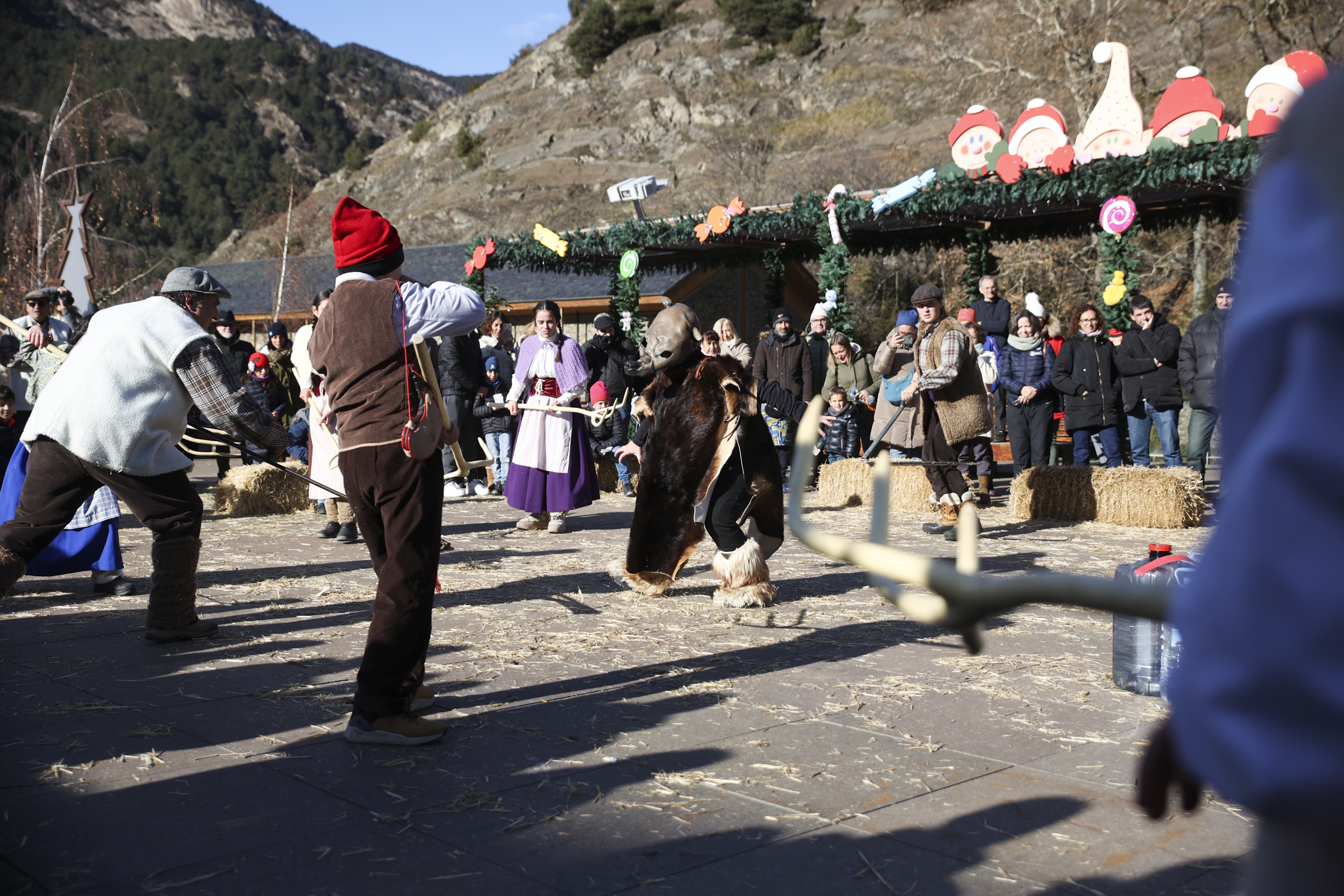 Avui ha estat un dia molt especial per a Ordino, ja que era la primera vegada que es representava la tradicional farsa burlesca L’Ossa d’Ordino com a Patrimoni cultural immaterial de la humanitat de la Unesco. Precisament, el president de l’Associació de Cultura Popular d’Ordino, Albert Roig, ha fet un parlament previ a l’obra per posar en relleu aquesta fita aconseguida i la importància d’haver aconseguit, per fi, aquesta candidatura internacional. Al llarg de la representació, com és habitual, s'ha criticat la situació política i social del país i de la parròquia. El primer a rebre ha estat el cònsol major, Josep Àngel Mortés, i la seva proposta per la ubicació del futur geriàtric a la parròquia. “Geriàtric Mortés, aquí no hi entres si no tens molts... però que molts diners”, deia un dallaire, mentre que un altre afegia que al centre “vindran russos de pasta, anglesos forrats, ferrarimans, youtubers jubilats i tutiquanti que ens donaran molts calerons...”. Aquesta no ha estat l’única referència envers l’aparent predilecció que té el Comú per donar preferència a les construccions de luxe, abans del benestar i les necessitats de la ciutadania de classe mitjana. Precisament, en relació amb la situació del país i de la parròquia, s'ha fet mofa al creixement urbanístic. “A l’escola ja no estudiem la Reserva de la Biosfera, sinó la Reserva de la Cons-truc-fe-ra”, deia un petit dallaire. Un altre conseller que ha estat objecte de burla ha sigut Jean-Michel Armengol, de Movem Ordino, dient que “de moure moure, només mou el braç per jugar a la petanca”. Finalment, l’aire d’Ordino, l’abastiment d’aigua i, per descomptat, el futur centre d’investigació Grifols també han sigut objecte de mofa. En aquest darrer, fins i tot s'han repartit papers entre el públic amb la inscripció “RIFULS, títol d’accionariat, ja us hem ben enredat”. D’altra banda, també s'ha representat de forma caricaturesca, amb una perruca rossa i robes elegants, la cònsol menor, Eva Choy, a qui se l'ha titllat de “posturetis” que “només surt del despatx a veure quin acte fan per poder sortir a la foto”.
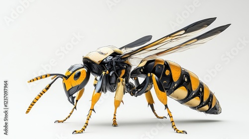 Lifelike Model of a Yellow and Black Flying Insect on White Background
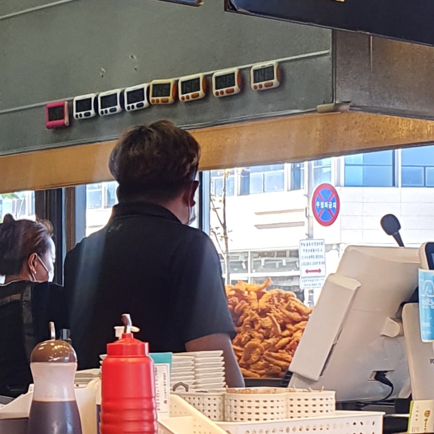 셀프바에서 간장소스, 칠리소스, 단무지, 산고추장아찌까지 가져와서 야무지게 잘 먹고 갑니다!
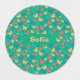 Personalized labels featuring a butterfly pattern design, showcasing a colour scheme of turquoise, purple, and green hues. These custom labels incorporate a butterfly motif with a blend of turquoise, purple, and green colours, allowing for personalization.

**AIM OF THE EXERCISE:** Pictures aside, reproduce all of the material above without alteration.

**OUTPUT:**
 Avui ha estat un dia molt especial per a Ordino, ja que era la primera vegada que es representava la tradicional farsa burlesca L’Ossa d’Ordino com a Patrimoni cultural immaterial de la humanitat de la Unesco. Precisament, el president de l’Associació de Cultura Popular d’Ordino, Albert Roig, ha fet un parlament previ a l’obra per posar en relleu aquesta fita aconseguida i la importància d’haver aconseguit, per fi, aquesta candidatura internacional. Al llarg de la representació, com és habitual, s'ha criticat la situació política i social del país i de la parròquia. El primer a rebre ha estat el cònsol major, Josep Àngel Mortés, i la seva proposta per la ubicació del futur geriàtric a la parròquia. “Geriàtric Mortés, aquí no hi entres si no tens molts... però que molts diners”, deia un dallaire, mentre que un altre afegia que al centre “vindran russos de pasta, anglesos forrats, ferrarimans, youtubers jubilats i tutiquanti que ens donaran molts calerons...”. Aquesta no ha estat l’única referència envers l’aparent predilecció que té el Comú per donar preferència a les construccions de luxe, abans del benestar i les necessitats de la ciutadania de classe mitjana. Precisament, en relació amb la situació del país i de la parròquia, s'ha fet mofa al creixement urbanístic. “A l’escola ja no estudiem la Reserva de la Biosfera, sinó la Reserva de la Cons-truc-fe-ra”, deia un petit dallaire. Un altre conseller que ha estat objecte de burla ha sigut Jean-Michel Armengol, de Movem Ordino, dient que “de moure moure, només mou el braç per jugar a la petanca”. Finalment, l’aire d’Ordino, l’abastiment d’aigua i, per descomptat, el futur centre d’investigació Grifols també han sigut objecte de mofa. En aquest darrer, fins i tot s'han repartit papers entre el públic amb la inscripció “RIFULS, títol d’accionariat, ja us hem ben enredat”. D’altra banda, també s'ha representat de forma caricaturesca, amb una perruca rossa i robes elegants, la cònsol menor, Eva Choy, a qui se l'ha titllat de “posturetis” que “només surt del despatx a veure quin acte fan per poder sortir a la foto”.
 Lifelike Model of a Yellow and Black Flying Insect on White Background
 셀프바에서 간장소스, 칠리소스, 단무지, 산고추장아찌까지 가져와서 야무지게 잘 먹고 갑니다!
 Personalized labels featuring a butterfly pattern design, showcasing a colour scheme of turquoise, purple, and green hues. These custom labels incorporate a butterfly motif with a blend of turquoise, purple, and green colours, allowing for personalization.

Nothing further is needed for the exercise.